__ACTIVITY__
Below are records to write out exactly; drop the pictures when you do.
· · · ·
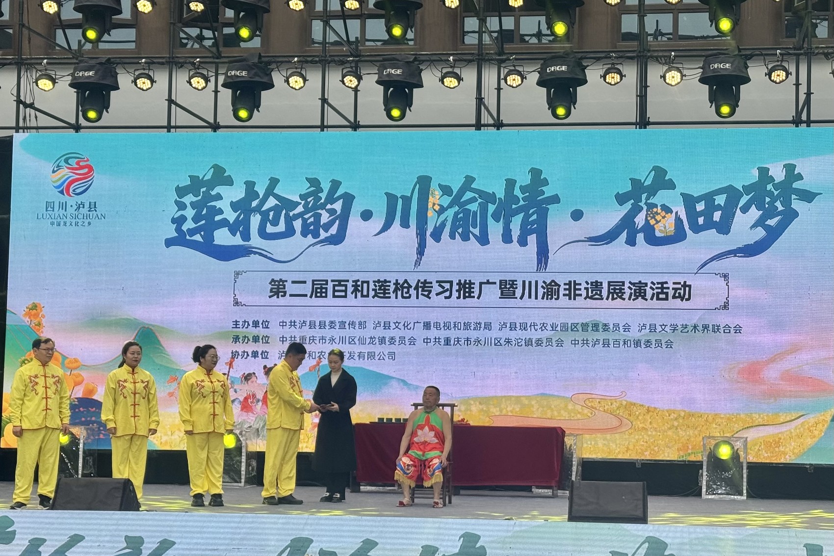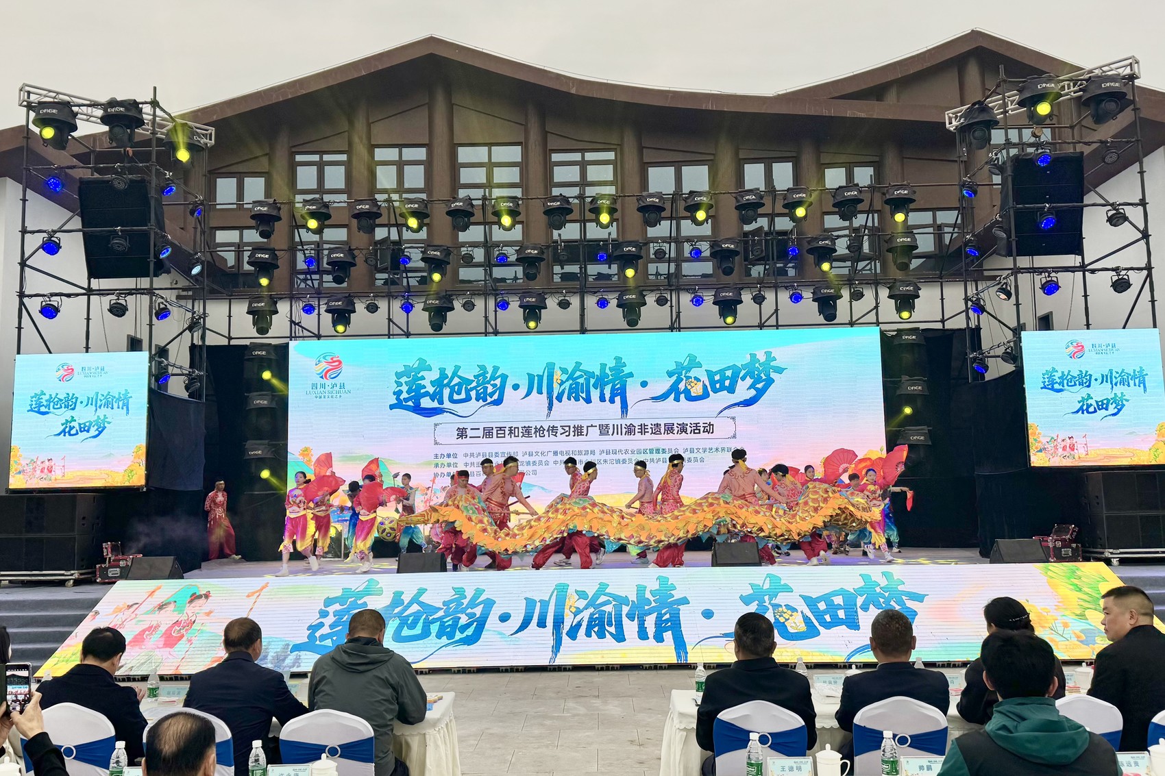泸县县委常委、宣传部部长王斌表示,随着成渝地区双城经济圈建设纵深推进,百和镇从传统腹地一跃成为联通川渝的“桥头堡”。“今天在这里举办川渝非遗展演,正是要以莲枪为纽带,让两地非遗同台竞艺、互鉴共荣,让川渝群众在文化共鸣中越走越近、越走越亲。”
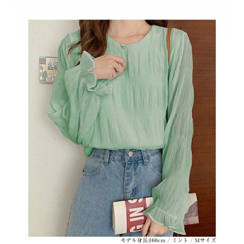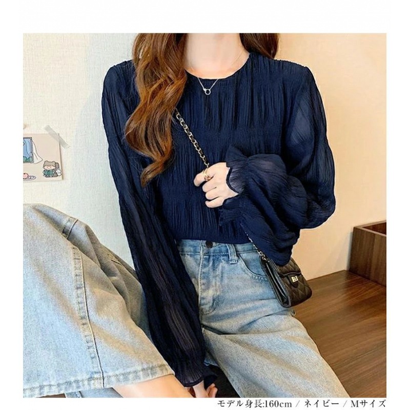 【人気の新作】ブラウス ギャザー トップス 長袖 春服 プルオーバー 夏 裏地付き レディース シャツ ラウンドネック シャーリング 透け感 通勤 シアートップス フリル フレア袖 ボリューム
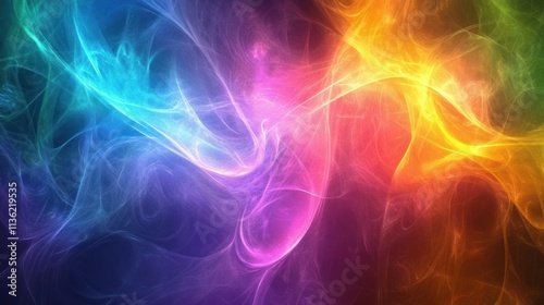 A modern abstract background with a burst of rainbow colors, layered with translucent organic shapes and smooth, flowing gradients
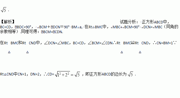 如图,正方形ABCD的顶点C在直线a上,且点B,D到a的距离分别是1,2.则 这个正方 形的边长是 。
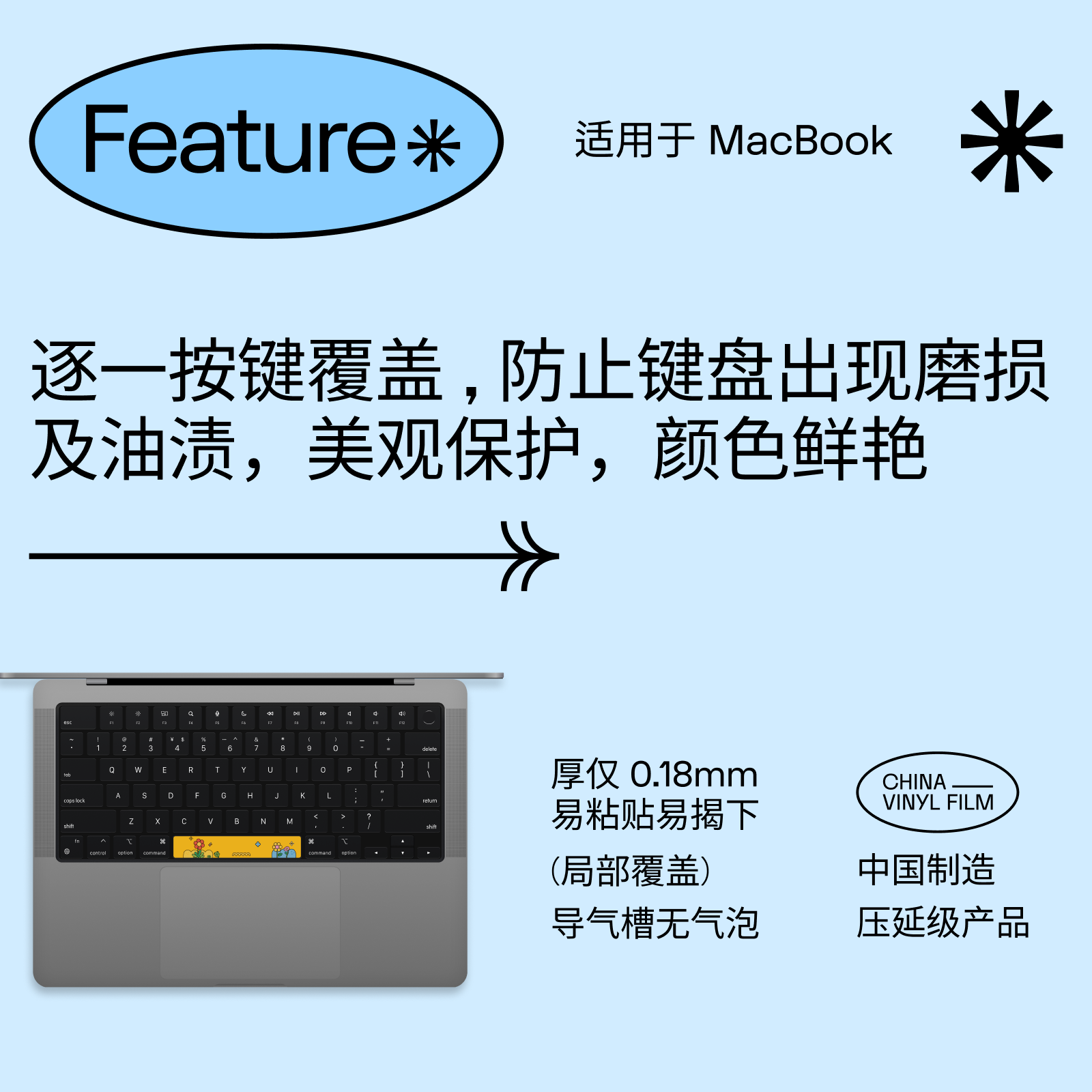 SkinAT适用于苹果笔记本空格键贴膜 MacBook Pro M5单个按键贴 Mac Pro14/16电脑空格保护膜
· · · ·
__RESULT FOR THIS EXERCISE__
泸县县委常委、宣传部部长王斌表示,随着成渝地区双城经济圈建设纵深推进,百和镇从传统腹地一跃成为联通川渝的“桥头堡”。“今天在这里举办川渝非遗展演,正是要以莲枪为纽带,让两地非遗同台竞艺、互鉴共荣,让川渝群众在文化共鸣中越走越近、越走越亲。”
 【人気の新作】ブラウス ギャザー トップス 長袖 春服 プルオーバー 夏 裏地付き レディース シャツ ラウンドネック シャーリング 透け感 通勤 シアートップス フリル フレア袖 ボリューム
 A modern abstract background with a burst of rainbow colors, layered with translucent organic shapes and smooth, flowing gradients
 如图,正方形ABCD的顶点C在直线a上,且点B,D到a的距离分别是1,2.则 这个正方 形的边长是 。
 SkinAT适用于苹果笔记本空格键贴膜 MacBook Pro M5单个按键贴 Mac Pro14/16电脑空格保护膜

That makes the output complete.